Она достала из кармана сухарик и подбросила его в воздух, как бы для затравки. Скарк, захлопав крыльями, сорвался со своего места и с легкостью поймал его. Игра началась. Другие серебристые чайки, кружась, спустились с неба и жадными зрителями расселись в ряд на стене порта. Нетерпеливо вскинулись белые головы — в ожидании, когда же начнется настоящая потеха.
— Ну, начнем! — обратилась к ним Конни. — Я — против вас всех. Если хоть одна крошечка упадет на землю, я выиграла!
Чайки закричали в знак одобрения и, хлопая крыльями, взмыли в небо. Конни высоко подбросила пригоршню сухариков. Птицы стаей налетели на них со всех сторон, без усилий подхватывая сухарики на лету. Скарк издал оглушительный вопль.
— Что, вас так просто не подловишь? — расхохоталась Конни.
Она бросала хлеб все быстрее и быстрее, крутясь на пятках, чтобы сбить с толку своих противников.

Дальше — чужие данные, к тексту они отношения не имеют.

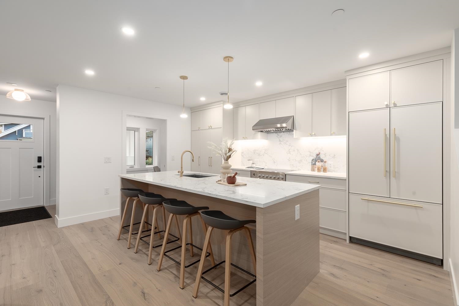Welcome home to this bright & airy 3-bedroom, 2.5-bathroom front-facing duplex that boasts a spacious and open floor plan across 2 levels! The grand main level is made up of your living, dining, bar area, office, powder bath, and chef's kitchen that features quartz countertops, Fisher & Paykel appliances including a gas stove, and ample cabinetry. Upstairs you will find vaulted ceilings, all 3 bedrooms and 2 bathrooms; including the generous primary bedroom with tons of storage and the spa-like ensuite bath...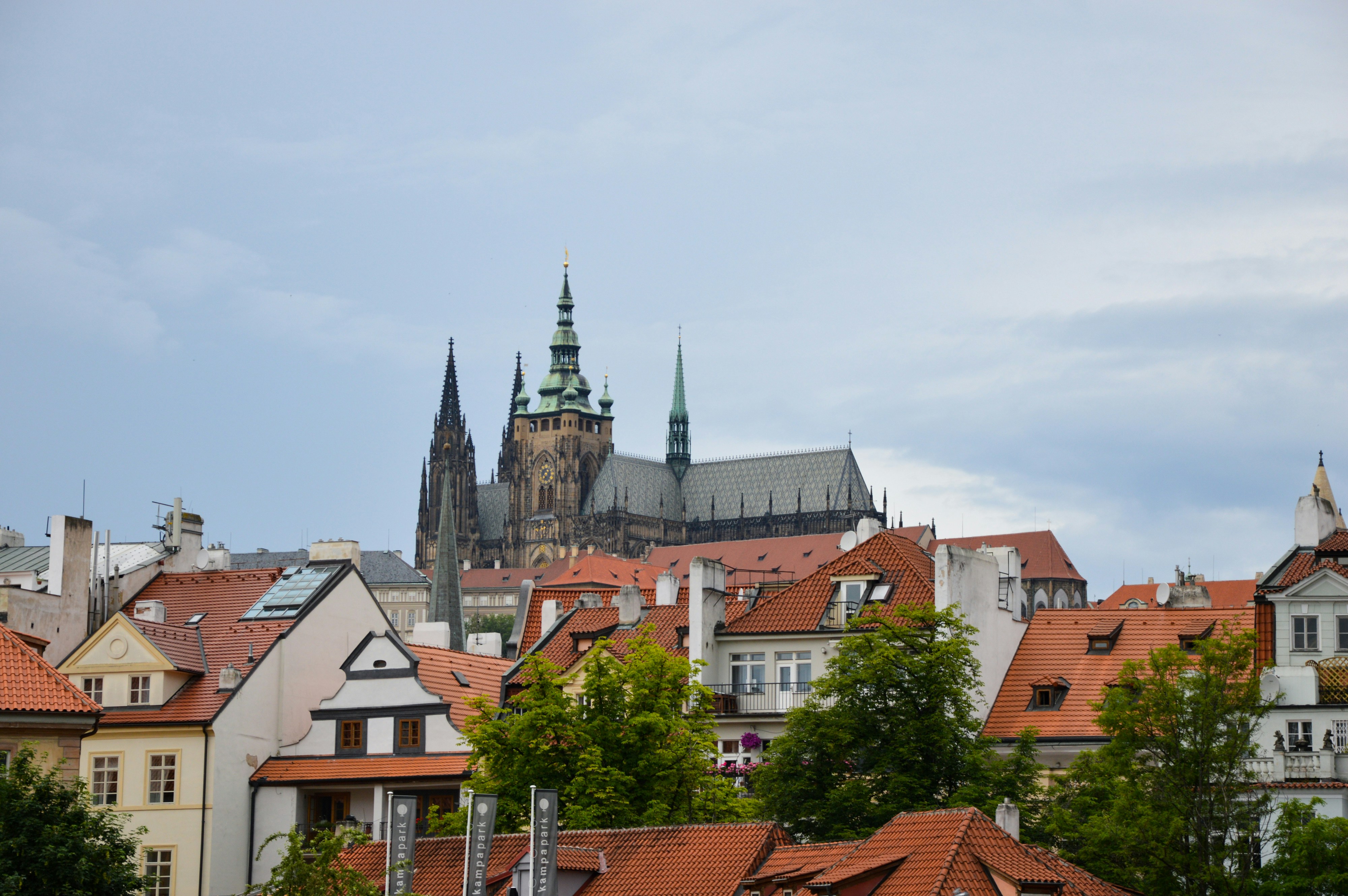Petřín Tower and Old Town Hall Tower offer elevated vantage points with paid entry. Strahov Monastery's upper courtyard is free and less crowded. Golden hour (5:00–6:00 PM) bathes the roofs in warm orange light. Bring a polarising filter to cut haze and deepen the sky.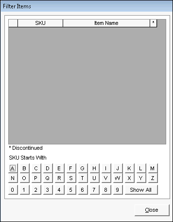 button to close the Filter Items screen and remove the filter from the group of records displayed at the Inventory screen.
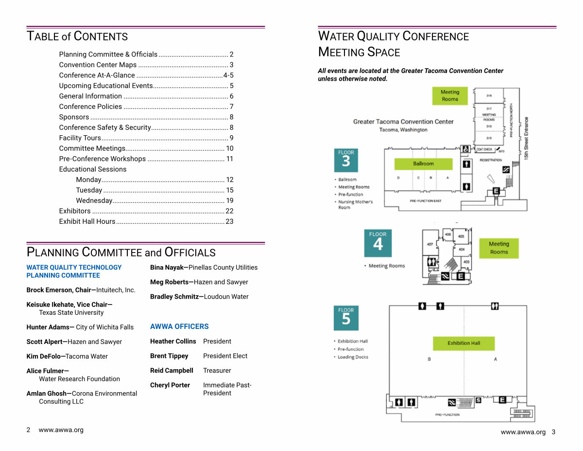 Planning Committee & Officials...................................... 2 Convention Center Maps................................................. 3 Conference At-A-Glance............................................... 4-5 Upcoming Educational Events......................................... 5 General Information......................................................... 6 Conference Policies......................................................... 7 Sponsors........................................................................... 8 Conference Safety & Security.......................................... 8 Facility Tours..................................................................... 9 Committee Meetings...................................................... 10 Pre-Conference Workshops.......................................... 11 Educational Sessions Monday................................................................... 12 Tuesday.................................................................. 15 Wednesday............................................................. 19 Exhibitors........................................................................ 22 Exhibit Hall Hours........................................................... 23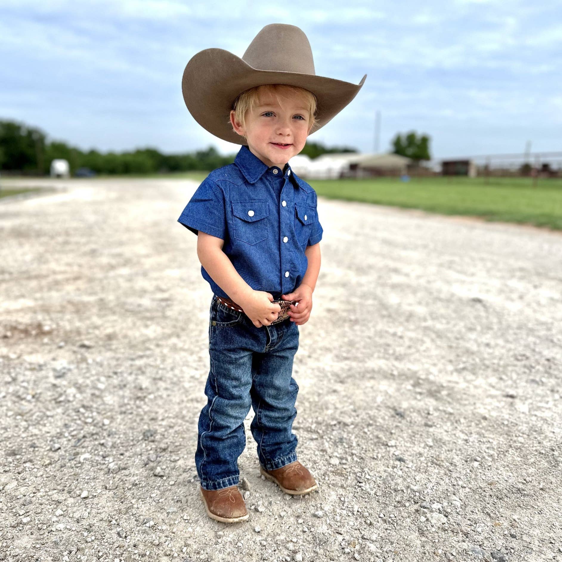 Introducing our brand new line of infant and boys' relaxed fit cowboy jeans! Crafted with the utmost quality and designed for maximum comfort, these jeans are perfect for any occasion whether it's a trip to the barn or a fancy event. With their relaxed fit and durable construction, your little one will feel confident and stylish wherever they go.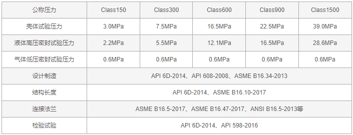 美標(biāo)法蘭球閥屬于浮動(dòng)球球閥,其設(shè)計(jì)制造標(biāo)準(zhǔn)是按《API 6D-2014管線和管道閥門規(guī)范》、《API 608-2008法蘭、螺紋和焊連接的金屬球閥》、《ASME B16.34-2013法蘭、螺紋和焊接端連接的閥門》要求,連接法蘭尺寸采用ASME B16.5、ASME B16.47、ANSI B16.5等。該閥按照密封材質(zhì)的不同,其有軟密封和硬密封兩種,軟密封一般采用聚醚醚酮(PEEK)、對位聚苯(PPL)、聚四氟乙烯(PTFE)及尼龍等作為密封圈材料,硬密封則使用合金鋼或不銹鋼堆焊硬質(zhì)合金等,閥體材質(zhì)可選用碳鋼、合金鋼、不銹鋼及其他特種材料。

Проворные чайки стрелой носились то влево, то вправо, врезаясь в собственную стаю, поворачиваясь на крыле, ныряя, предугадывая каждый ложный выпад, каждую уловку, которую изобретала девушка, чтобы перехитрить их. Вокруг нее клубилось вздымающееся облако птиц, которые отзывались на каждое ее движение, как будто она была дирижером, а они — оркестром, ставшим продолжением ее настроения и музыки. Она окутывала себя ими, как гигантским покрывалом, купалась в их восторге от возможности показать силу и ловкость своих крыльев. Сила перетекала от нее к птицам: им казалось, что она вот-вот сбросит свое человеческое обличье и станет самим полетом, сердцем их стаи. Чайки радостно кричали и звали ее отправиться с ними в море, присоединиться к их шумным колониям на уступах утесов и скал. Вся масса птиц вытянулась в форме двух огромных крыльев, поднимающихся от кончиков ее пальцев. Она чувствовала, что еще чуть-чуть — и она тоже поднимется в воздух и взлетит, но ее ноги не могли до конца оторваться от земли. Схватив последний оставшийся сухарик, Конни запустила его высоко в небо.
— Лови! — крикнула она.
Чайки взмыли вверх, как истребители в воздушном бою, наперерез друг Другу в погоне за наградой. Скарк, ударив по воздуху широкими серыми крыльями, выхватил добычу прямо из-под клюва маленькой белой самки и с победоносным хохотом вернулся на свой буек.
— Эй, это не очень-то вежливо с твоей стороны, — ласково пожурила его Конни, — вот так стащить его у нее из-под носа! Разве этому я тебя учу?
Скарк негодующе вскинул голову, взмахом крыльев сказав ей, что простой птенец — а он относился к ней именно так — ничему не может его учить.
— Согласна, — сдалась Конни. Усевшись рядом с ним на гальку, она неожиданно почувствовала себя обескураженной. Другие чайки унеслись прочь вместе с бризом — искать новых развлечений у мусорных баков и рыбацких лодок. — Знаю, что мне самой еще учиться и учиться. Я только хотела бы, чтобы для этого не нужно было ходить в школу. Терпеть не могу школу. Я просто знаю, что все это плохо кончится.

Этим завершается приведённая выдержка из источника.